From Publishers Weekly
The latest from Ackroyd (English Music) is a deft, if somewhat cerebral and cold-blooded, exercise in historical crime fiction set in a late-Victorian London teeming with intellectual activity, extreme poverty and all manner of sensational public spectacles. A blend of trial transcripts, first-person accounts and microscopic biographical studies of illustrious 19th-century lives, the story is an impressive feat of historical fidelity and fictional artistry. In a marvelous coda, Ackroyd even unites his protagonists in the audience of a theater, to watch a play based on the gruesome events of the novel. The story opens with the trial and execution of former music-hall actress Elizabeth Cree, convicted of poisoning her husband, John Cree, whose diary entries suggest that he is the "Limehouse Golem," a serial killer stalking the squalid, smog-choked streets of London's Jewish district. Around these grisly deeds weave the intersecting paths of Ackroyd's nonfictional characters, including George Gissing, Karl Marx and popular theater star Dan Leno, who haunt the Reading Room of the British Museum and the chiarascuro streets of the city. The Golem's identity, in a not unexpected plot twist, is ultimately found among the protean personae of the theater world. Yet Ackroyd reminds us at every turn that his fictional whodunit enfolds a larger, unsolvable mystery, a mystery of London itself, and of the solace that its populace finds in popular spectacles of sensational crime and violence.

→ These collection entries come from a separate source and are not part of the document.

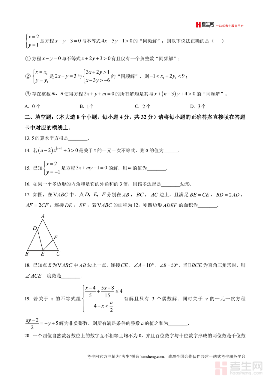 本资料适用于七年级学生、初中数学教师及期中备考指导者。作为重庆顶尖名校巴蜀中学的期中试题,它是七年级下学期期中备考不可或缺的资料,原卷版保留了试题原貌,便于学生真实模拟考试;其不可替代性体现在试题设计的前瞻性与代表性,能反映当下初中数学教学重点与方向;长期价值在于可作为后续复习的重要参考,助力学生构建完整知识体系,为后续学习打下坚实基础。
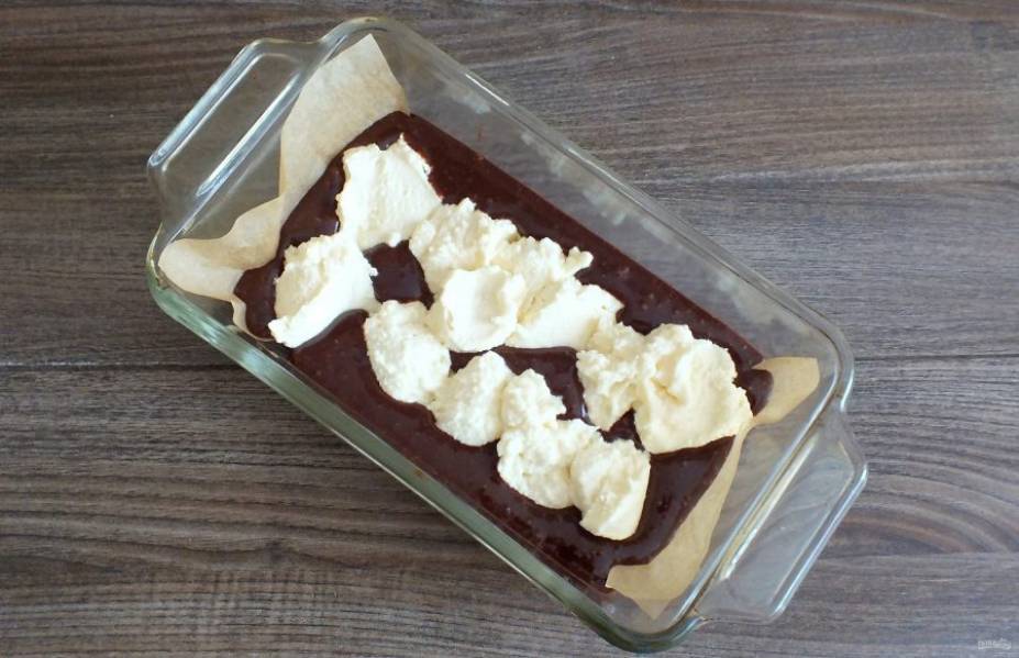 Возьмите прямоугольную или квадратную форму. Застелите её пекарской бумагой. Вылейте половину теста. Разложите начинку на тесто. Распределять её не нужно, достаточно выложить небольшими бугорками.
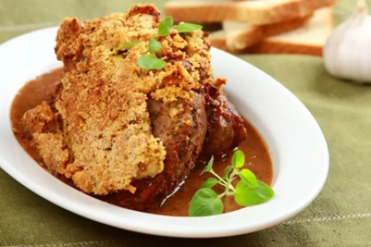 Karkówka z musztardową chrupką skórką w majerankowym sosie

Copyright 1995 Reed Business Information, Inc.
From Library Journal
Mixing history with liberal doses of invention, Ackroyd (English Music, LJ 9/15/92) presents a dark, atmospheric portrait of Victorian London. While bringing in everyone from an elderly Karl Marx to a youthful George Gissing, he focuses on Elizabeth Cree, who is on trial for her husband's murder. Ackroyd uses the transcripts of Cree's trial to set the stage for a series of flashbacks tracing her squalid beginnings in Lambeth Marsh, her days in comedian Dan Leno's music hall troupe, and her eventual marriage to journalist John Cree. Set against this is a diary, purportedly by John, that details the murderous exploits of the "Limehouse Golem." In Elizabeth's pathology, Ackroyd finds a harbinger for the social malignancies of our own age. An intellectually stimulating, if grisly, historical thriller. Recommended for most collections.